Data shown: Begin

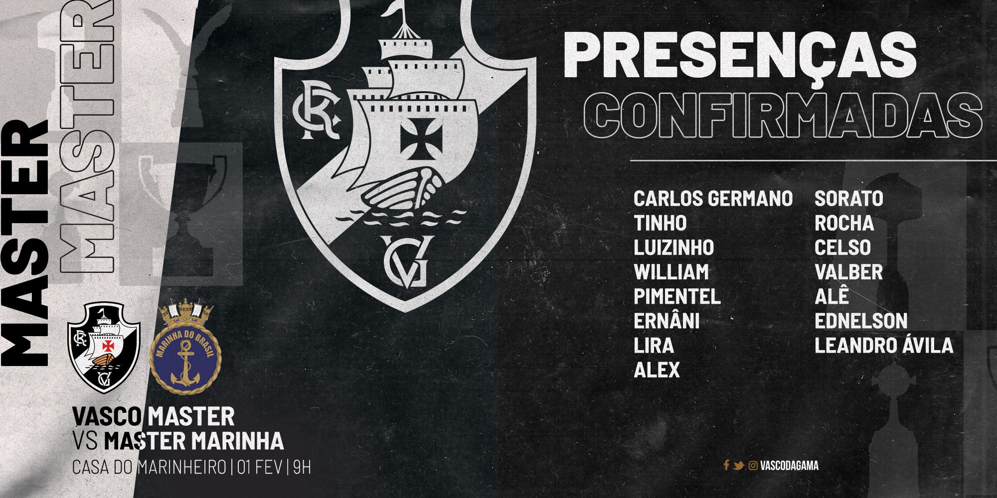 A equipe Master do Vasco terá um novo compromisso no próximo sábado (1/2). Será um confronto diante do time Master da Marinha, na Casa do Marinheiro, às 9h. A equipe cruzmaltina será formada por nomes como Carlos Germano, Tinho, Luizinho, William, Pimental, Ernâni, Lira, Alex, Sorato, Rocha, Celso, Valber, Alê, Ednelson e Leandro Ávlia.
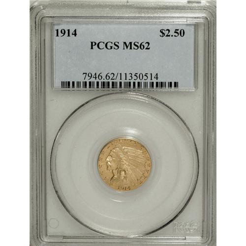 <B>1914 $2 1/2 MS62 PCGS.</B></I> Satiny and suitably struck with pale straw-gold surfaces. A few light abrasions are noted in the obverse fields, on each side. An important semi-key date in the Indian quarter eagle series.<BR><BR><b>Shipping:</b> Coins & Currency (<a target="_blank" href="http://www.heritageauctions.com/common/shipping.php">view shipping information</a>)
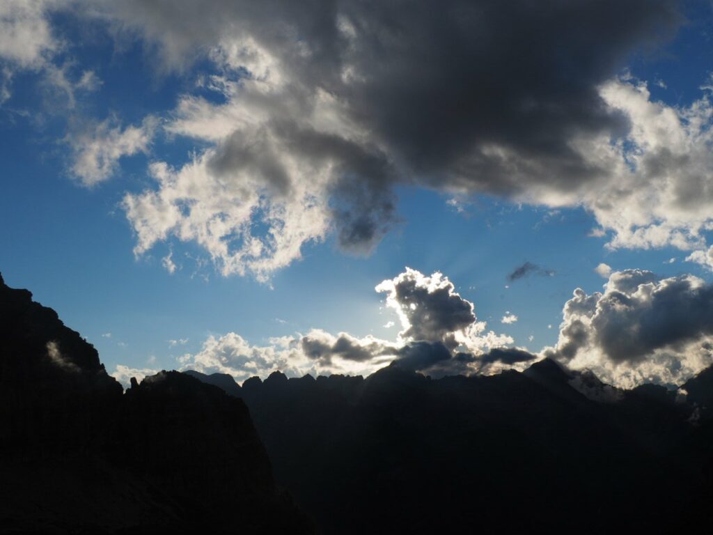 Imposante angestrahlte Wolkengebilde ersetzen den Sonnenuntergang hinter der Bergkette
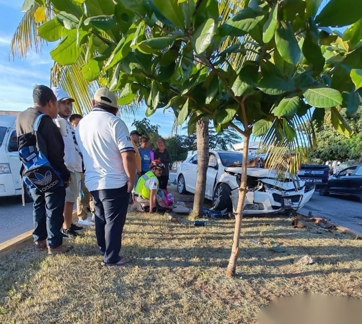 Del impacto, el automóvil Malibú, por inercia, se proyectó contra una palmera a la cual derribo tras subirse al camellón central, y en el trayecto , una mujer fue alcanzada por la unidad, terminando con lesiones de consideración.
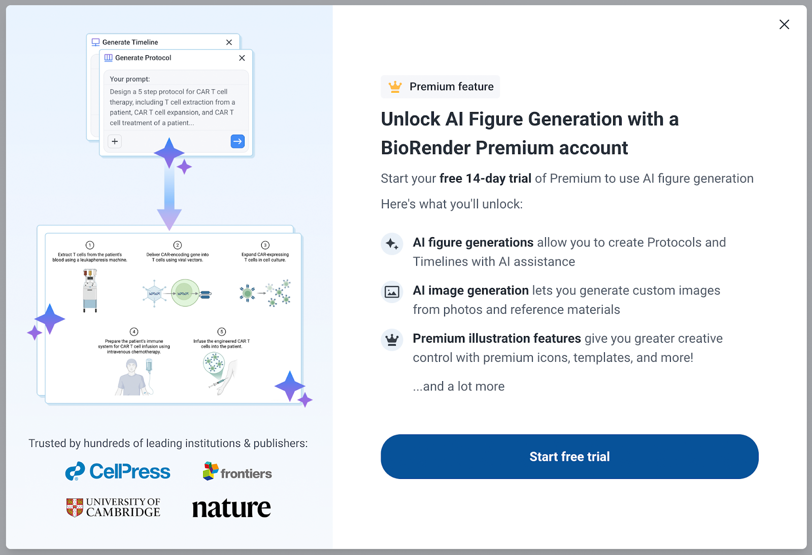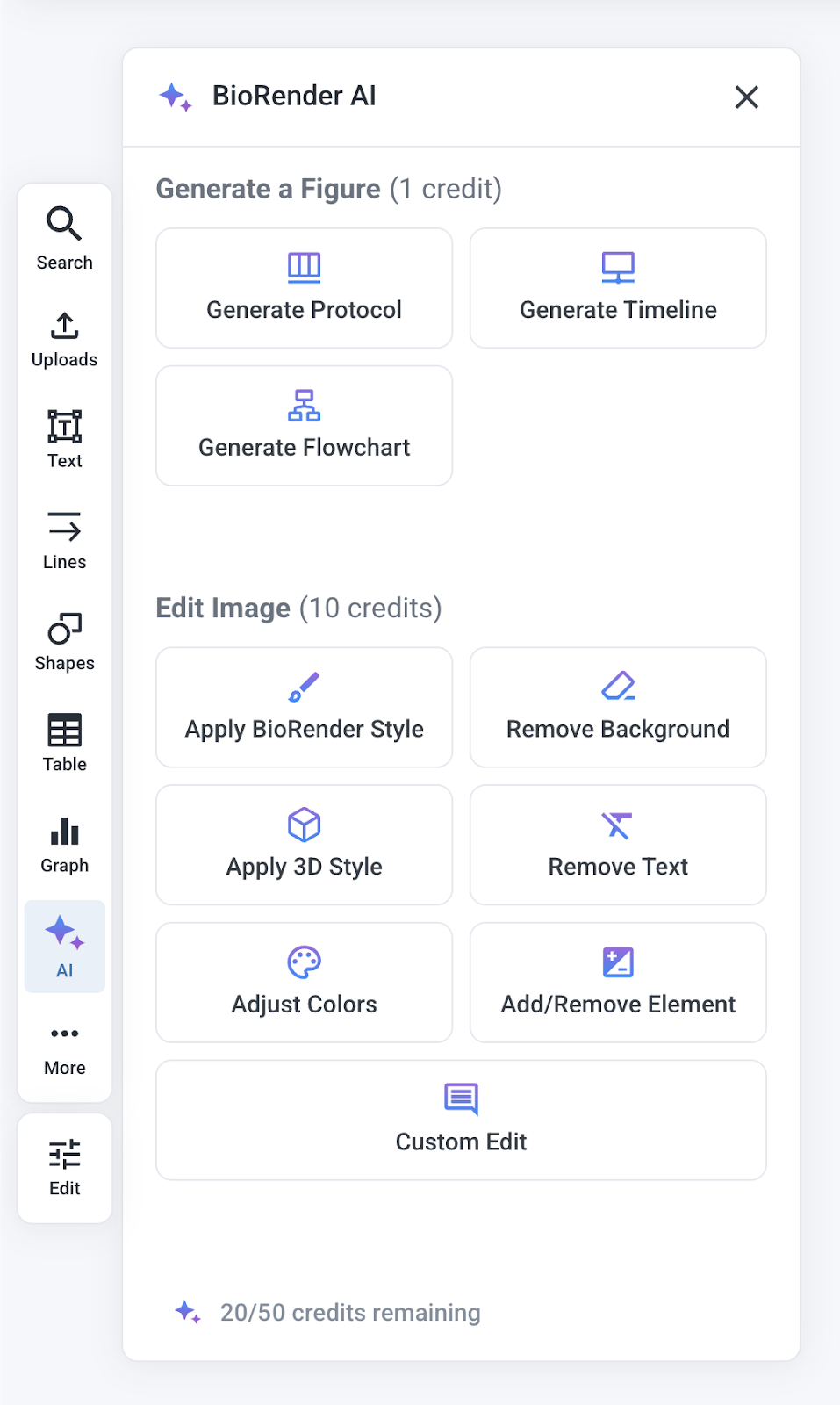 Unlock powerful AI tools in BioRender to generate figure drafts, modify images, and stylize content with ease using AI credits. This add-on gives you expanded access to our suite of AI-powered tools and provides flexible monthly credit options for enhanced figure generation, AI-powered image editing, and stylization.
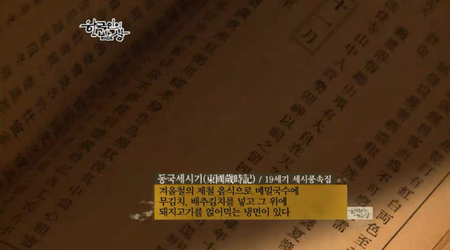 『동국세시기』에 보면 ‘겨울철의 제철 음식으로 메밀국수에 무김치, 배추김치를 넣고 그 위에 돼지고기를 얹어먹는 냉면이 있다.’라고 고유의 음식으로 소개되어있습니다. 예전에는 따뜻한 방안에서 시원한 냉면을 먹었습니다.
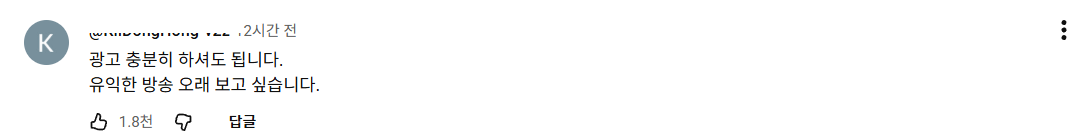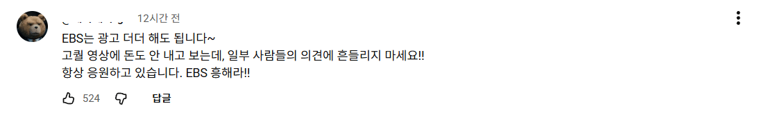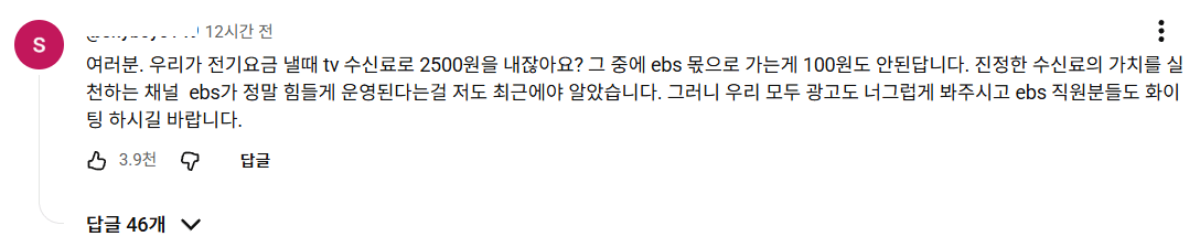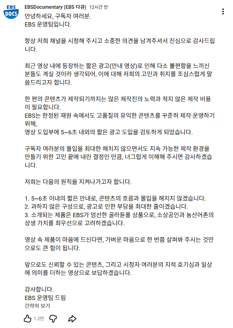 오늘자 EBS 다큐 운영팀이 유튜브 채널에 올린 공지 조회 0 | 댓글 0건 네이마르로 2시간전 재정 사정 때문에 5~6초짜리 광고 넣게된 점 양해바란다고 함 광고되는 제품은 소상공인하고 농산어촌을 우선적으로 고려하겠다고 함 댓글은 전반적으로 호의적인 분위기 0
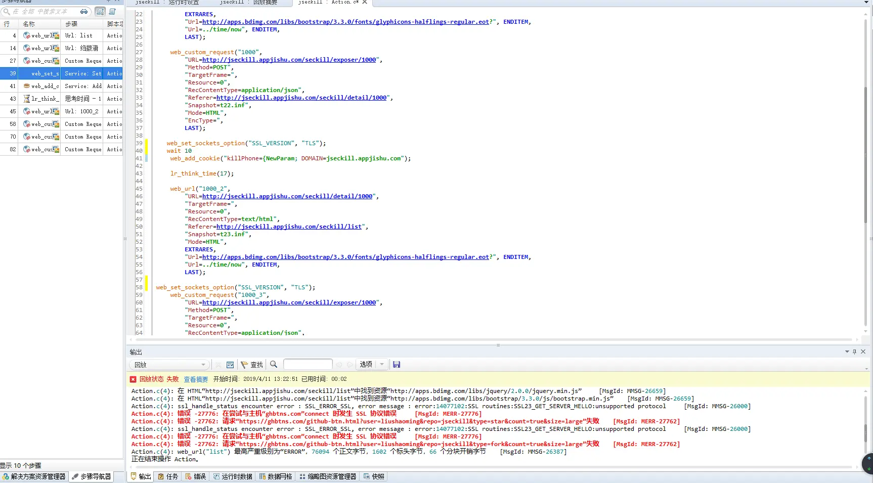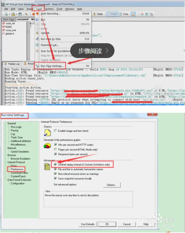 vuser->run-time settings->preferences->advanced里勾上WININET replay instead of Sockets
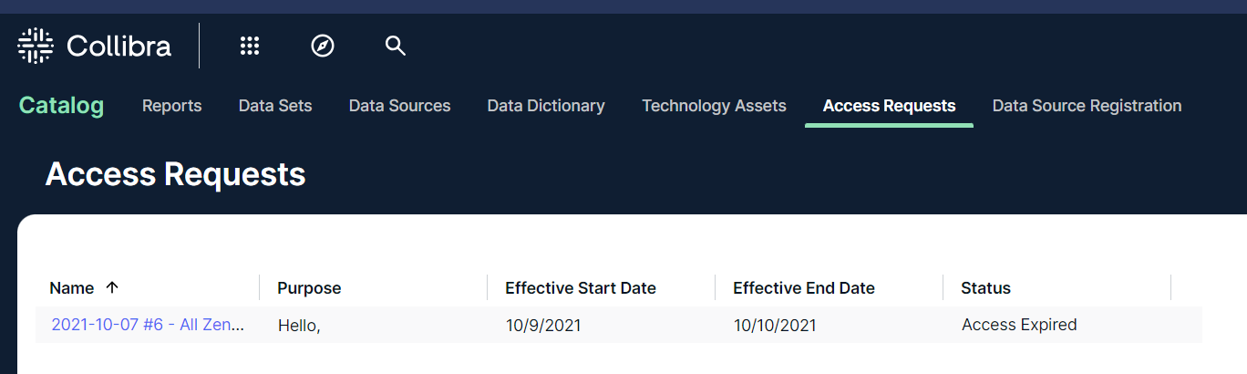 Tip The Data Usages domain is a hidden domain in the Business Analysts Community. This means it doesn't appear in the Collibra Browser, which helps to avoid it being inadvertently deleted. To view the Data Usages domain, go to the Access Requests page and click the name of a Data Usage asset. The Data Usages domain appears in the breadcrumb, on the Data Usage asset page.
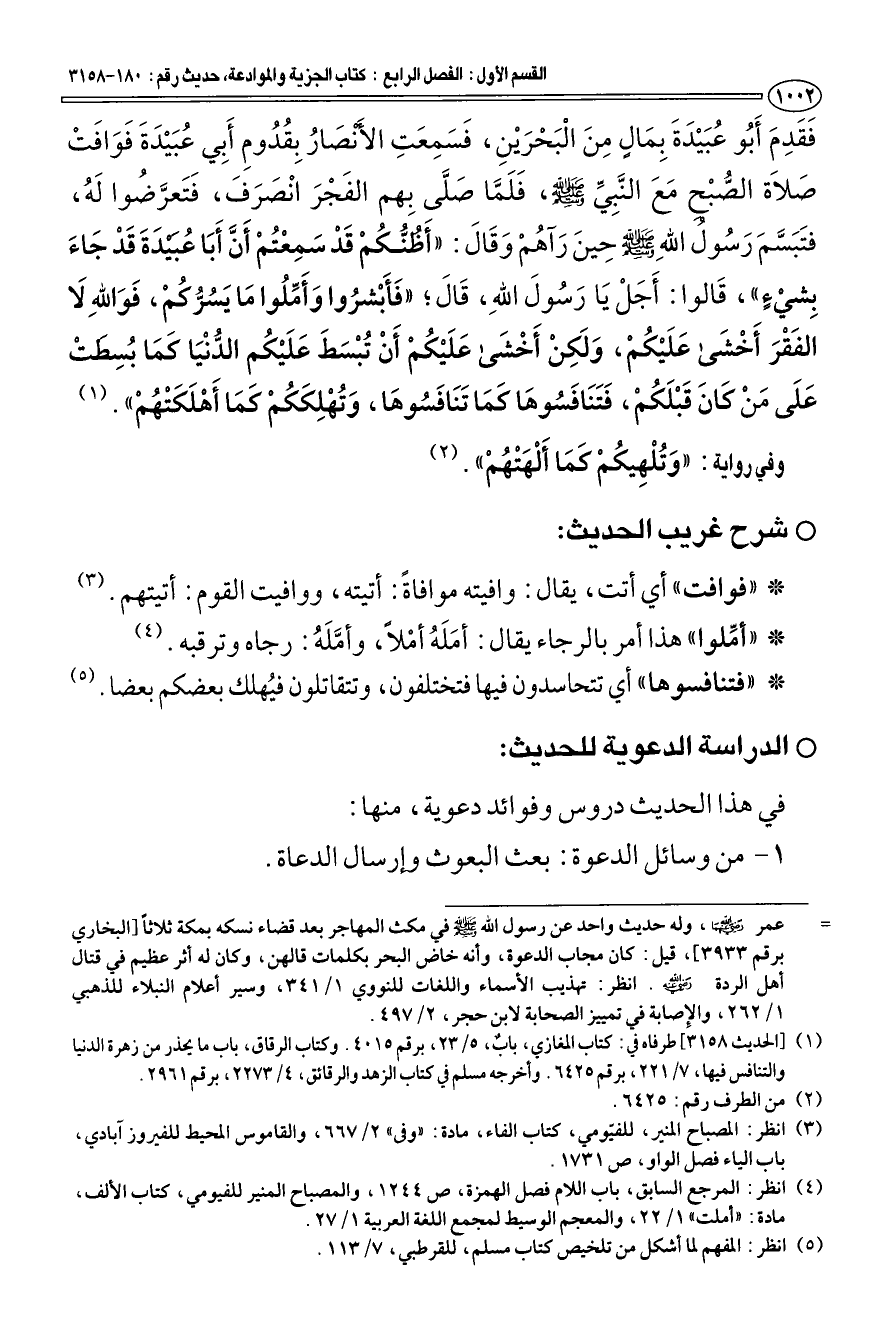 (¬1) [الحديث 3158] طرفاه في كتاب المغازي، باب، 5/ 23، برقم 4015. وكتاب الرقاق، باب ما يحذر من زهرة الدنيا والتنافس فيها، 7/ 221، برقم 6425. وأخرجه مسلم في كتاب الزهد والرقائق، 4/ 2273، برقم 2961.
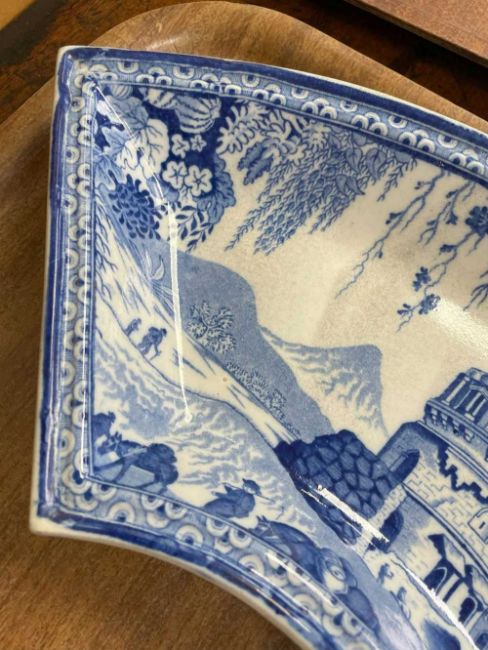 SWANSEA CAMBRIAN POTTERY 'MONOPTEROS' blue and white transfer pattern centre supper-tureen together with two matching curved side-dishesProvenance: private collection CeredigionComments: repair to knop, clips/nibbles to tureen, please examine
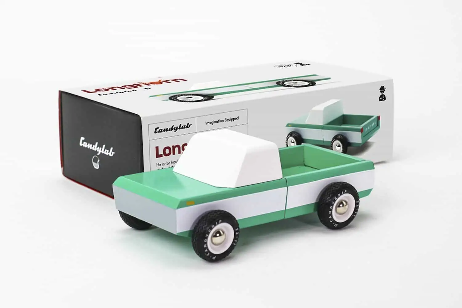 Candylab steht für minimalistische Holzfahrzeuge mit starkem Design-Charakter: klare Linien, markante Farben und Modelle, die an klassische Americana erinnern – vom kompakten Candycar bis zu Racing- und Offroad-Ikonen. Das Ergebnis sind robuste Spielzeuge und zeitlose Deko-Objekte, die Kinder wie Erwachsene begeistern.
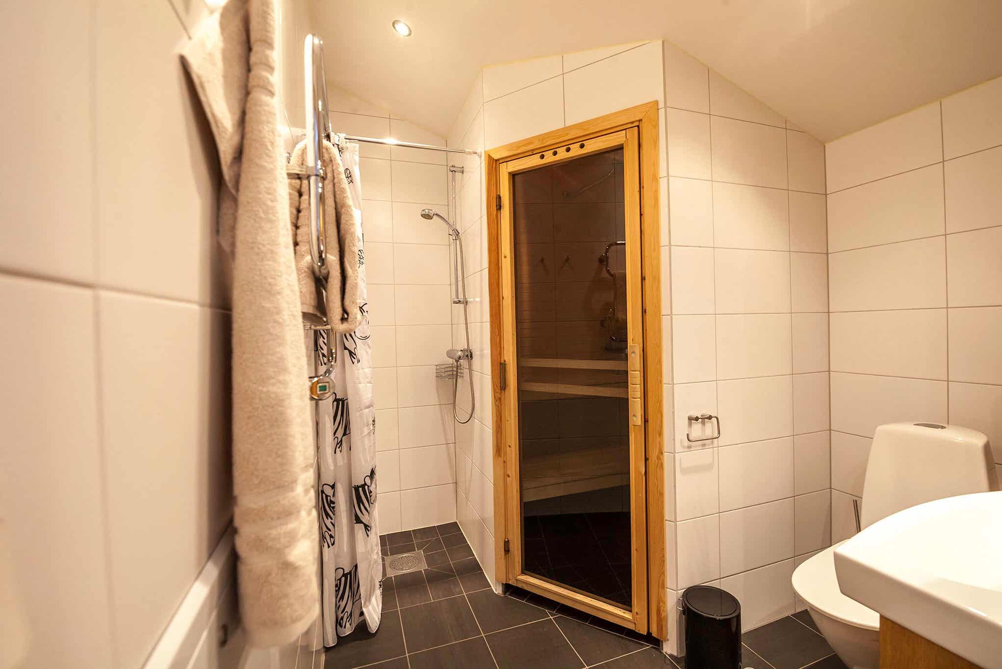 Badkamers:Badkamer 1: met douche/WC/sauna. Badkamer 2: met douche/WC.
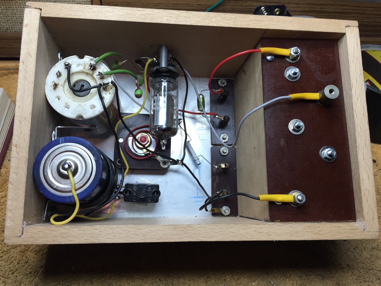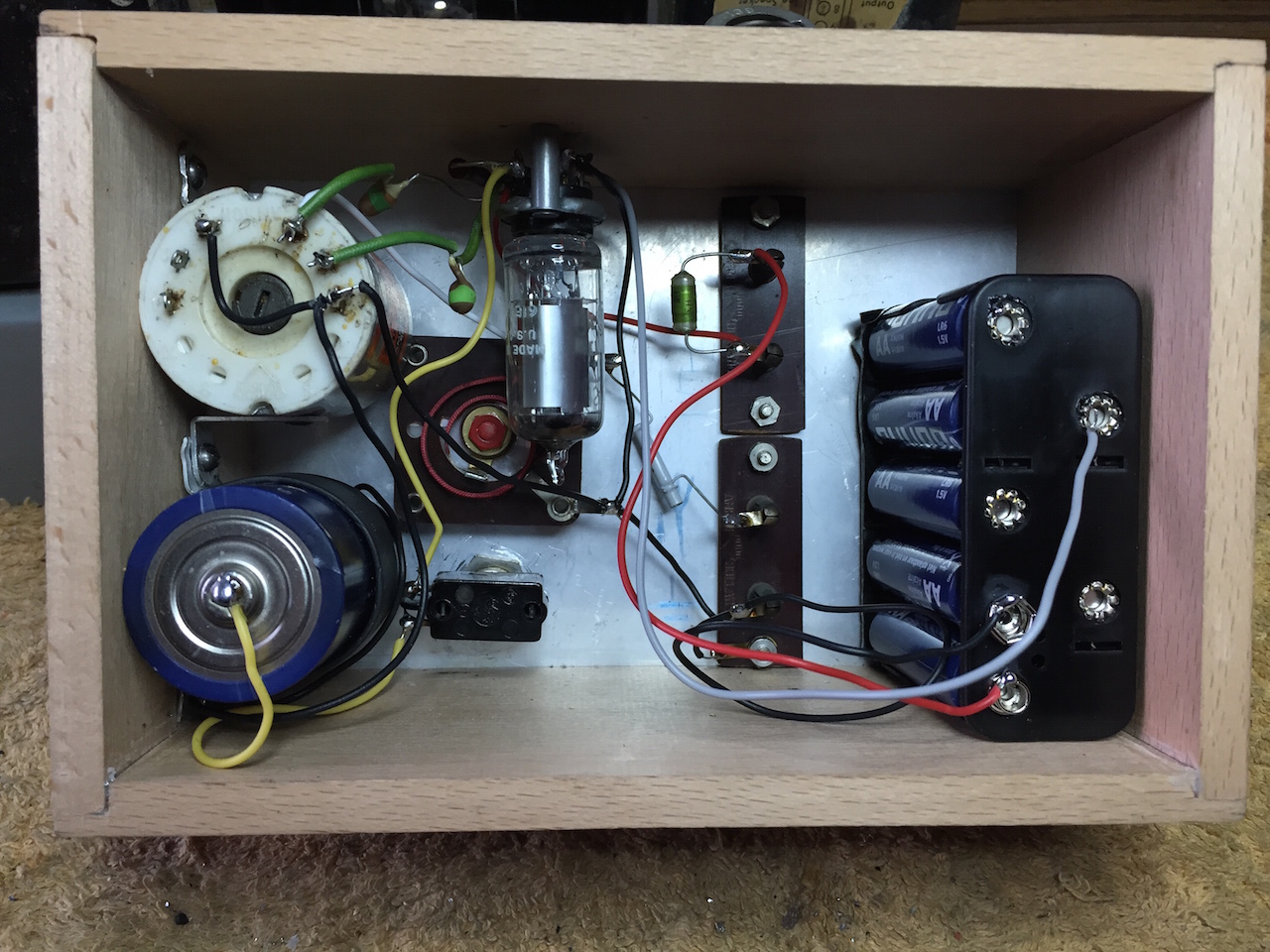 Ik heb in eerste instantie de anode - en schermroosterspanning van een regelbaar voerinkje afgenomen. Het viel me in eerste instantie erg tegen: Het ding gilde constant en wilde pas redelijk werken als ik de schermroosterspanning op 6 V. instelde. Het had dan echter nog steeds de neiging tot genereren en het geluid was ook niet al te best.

Data shown: End

What to do »
Return all the data exactly, pictures omitted.

Output for this exercise »
 A equipe Master do Vasco terá um novo compromisso no próximo sábado (1/2). Será um confronto diante do time Master da Marinha, na Casa do Marinheiro, às 9h. A equipe cruzmaltina será formada por nomes como Carlos Germano, Tinho, Luizinho, William, Pimental, Ernâni, Lira, Alex, Sorato, Rocha, Celso, Valber, Alê, Ednelson e Leandro Ávlia.
 <B>1914 $2 1/2 MS62 PCGS.</B></I> Satiny and suitably struck with pale straw-gold surfaces. A few light abrasions are noted in the obverse fields, on each side. An important semi-key date in the Indian quarter eagle series.<BR><BR><b>Shipping:</b> Coins & Currency (<a target="_blank" href="http://www.heritageauctions.com/common/shipping.php">view shipping information</a>)
 Imposante angestrahlte Wolkengebilde ersetzen den Sonnenuntergang hinter der Bergkette
 Del impacto, el automóvil Malibú, por inercia, se proyectó contra una palmera a la cual derribo tras subirse al camellón central, y en el trayecto , una mujer fue alcanzada por la unidad, terminando con lesiones de consideración.
 Unlock powerful AI tools in BioRender to generate figure drafts, modify images, and stylize content with ease using AI credits. This add-on gives you expanded access to our suite of AI-powered tools and provides flexible monthly credit options for enhanced figure generation, AI-powered image editing, and stylization.
 『동국세시기』에 보면 ‘겨울철의 제철 음식으로 메밀국수에 무김치, 배추김치를 넣고 그 위에 돼지고기를 얹어먹는 냉면이 있다.’라고 고유의 음식으로 소개되어있습니다. 예전에는 따뜻한 방안에서 시원한 냉면을 먹었습니다.
 오늘자 EBS 다큐 운영팀이 유튜브 채널에 올린 공지 조회 0 | 댓글 0건 네이마르로 2시간전 재정 사정 때문에 5~6초짜리 광고 넣게된 점 양해바란다고 함 광고되는 제품은 소상공인하고 농산어촌을 우선적으로 고려하겠다고 함 댓글은 전반적으로 호의적인 분위기 0
 vuser->run-time settings->preferences->advanced里勾上WININET replay instead of Sockets
 Tip The Data Usages domain is a hidden domain in the Business Analysts Community. This means it doesn't appear in the Collibra Browser, which helps to avoid it being inadvertently deleted. To view the Data Usages domain, go to the Access Requests page and click the name of a Data Usage asset. The Data Usages domain appears in the breadcrumb, on the Data Usage asset page.
 (¬1) [الحديث 3158] طرفاه في كتاب المغازي، باب، 5/ 23، برقم 4015. وكتاب الرقاق، باب ما يحذر من زهرة الدنيا والتنافس فيها، 7/ 221، برقم 6425. وأخرجه مسلم في كتاب الزهد والرقائق، 4/ 2273، برقم 2961.
 SWANSEA CAMBRIAN POTTERY 'MONOPTEROS' blue and white transfer pattern centre supper-tureen together with two matching curved side-dishesProvenance: private collection CeredigionComments: repair to knop, clips/nibbles to tureen, please examine
 Candylab steht für minimalistische Holzfahrzeuge mit starkem Design-Charakter: klare Linien, markante Farben und Modelle, die an klassische Americana erinnern – vom kompakten Candycar bis zu Racing- und Offroad-Ikonen. Das Ergebnis sind robuste Spielzeuge und zeitlose Deko-Objekte, die Kinder wie Erwachsene begeistern.
 Badkamers:Badkamer 1: met douche/WC/sauna. Badkamer 2: met douche/WC.
 Ik heb in eerste instantie de anode - en schermroosterspanning van een regelbaar voerinkje afgenomen. Het viel me in eerste instantie erg tegen: Het ding gilde constant en wilde pas redelijk werken als ik de schermroosterspanning op 6 V. instelde. Het had dan echter nog steeds de neiging tot genereren en het geluid was ook niet al te best.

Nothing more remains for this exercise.